Re: cgroup v1 and balance_dirty_pages

Johannes Weiner <hannes@xxxxxxxxxxx> · Thu, 17 Nov 2022 11:31:05 -0500

On Thu, Nov 17, 2022 at 09:21:10PM +0530, Aneesh Kumar K V wrote:
> On 11/17/22 9:12 PM, Aneesh Kumar K V wrote:
> > On 11/17/22 8:42 PM, Johannes Weiner wrote:
> >> Hi Aneesh,
> >>
> >> On Thu, Nov 17, 2022 at 12:24:13PM +0530, Aneesh Kumar K.V wrote:
> >>> Currently, we don't pause in balance_dirty_pages with cgroup v1 when we
> >>> have task dirtying too many pages w.r.t to memory limit in the memcg.
> >>> This is because with cgroup v1 all the limits are checked against global
> >>> available resources. So on a system with a large amount of memory, a
> >>> cgroup with a smaller limit can easily hit OOM if the task within the
> >>> cgroup continuously dirty pages.
> >>
> >> Page reclaim has special writeback throttling for cgroup1, see the
> >> folio_wait_writeback() in shrink_folio_list(). It's not as smooth as
> >> proper dirty throttling, but it should prevent OOMs.
> >>
> >> Is this not working anymore?
> > 
> > The test is a simple dd test on on a 256GB system.
> > 
> > root@lp2:/sys/fs/cgroup/memory# mkdir test
> > root@lp2:/sys/fs/cgroup/memory# cd test/
> > root@lp2:/sys/fs/cgroup/memory/test# echo 120M > memory.limit_in_bytes 
> > root@lp2:/sys/fs/cgroup/memory/test# echo $$ > tasks 
> > root@lp2:/sys/fs/cgroup/memory/test# dd if=/dev/zero of=/home/kvaneesh/test bs=1M 
> > Killed
> > 
> > 
> > Will it hit the folio_wait_writeback, because it is sequential i/o and none of the folio
> > we are writing will be in writeback?
> 
> Other way to look at this is, if the writeback is never started via balance_dirty_pages,
> will we be finding folios in shrink_folio_list that is in writeback? 

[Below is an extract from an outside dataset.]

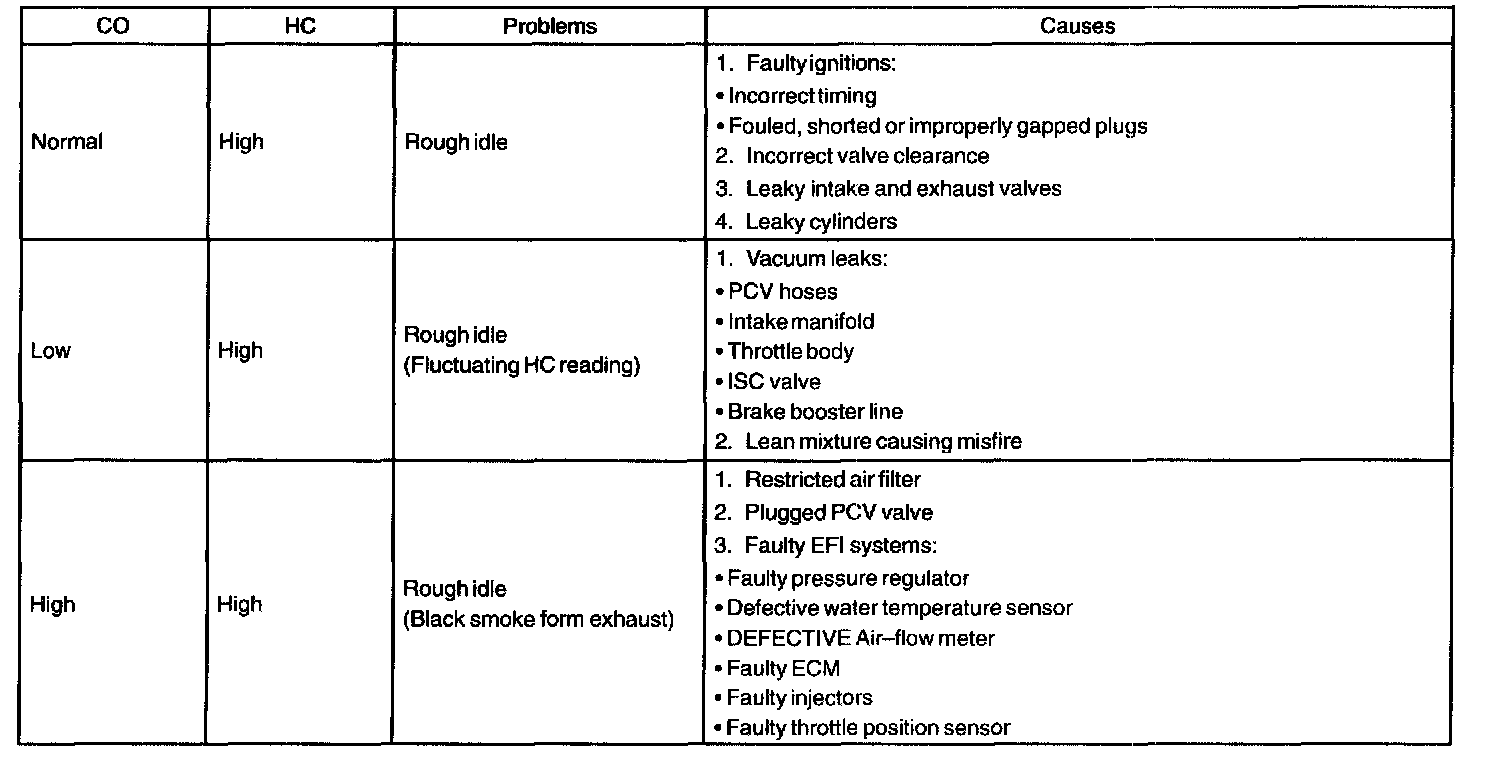 e. If the CO/HC concentration does not comply with regulations, troubleshoot in the order given in image.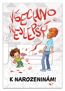 Vtipné blahopřání k narozeninám. Přání je vevnitř zdobeno barevnými motivy z titulní strany. Nemá předepsaný text. Baleno v bílé obálce. Rozměr 19,5x13,5cm.

The flushers are started from reclaim if necessary. See this code from
shrink_inactive_list():

	/*
	 * If dirty folios are scanned that are not queued for IO, it
	 * implies that flushers are not doing their job. This can
	 * happen when memory pressure pushes dirty folios to the end of
	 * the LRU before the dirty limits are breached and the dirty
	 * data has expired. It can also happen when the proportion of
	 * dirty folios grows not through writes but through memory
	 * pressure reclaiming all the clean cache. And in some cases,
	 * the flushers simply cannot keep up with the allocation
	 * rate. Nudge the flusher threads in case they are asleep.
	 */
	if (stat.nr_unqueued_dirty == nr_taken)
		wakeup_flusher_threads(WB_REASON_VMSCAN);

It sounds like there isn't enough time for writeback to commence
before the memcg already declares OOM.

If you place a reclaim_throttle(VMSCAN_THROTTLE_WRITEBACK) after that
wakeup, does that fix the issue?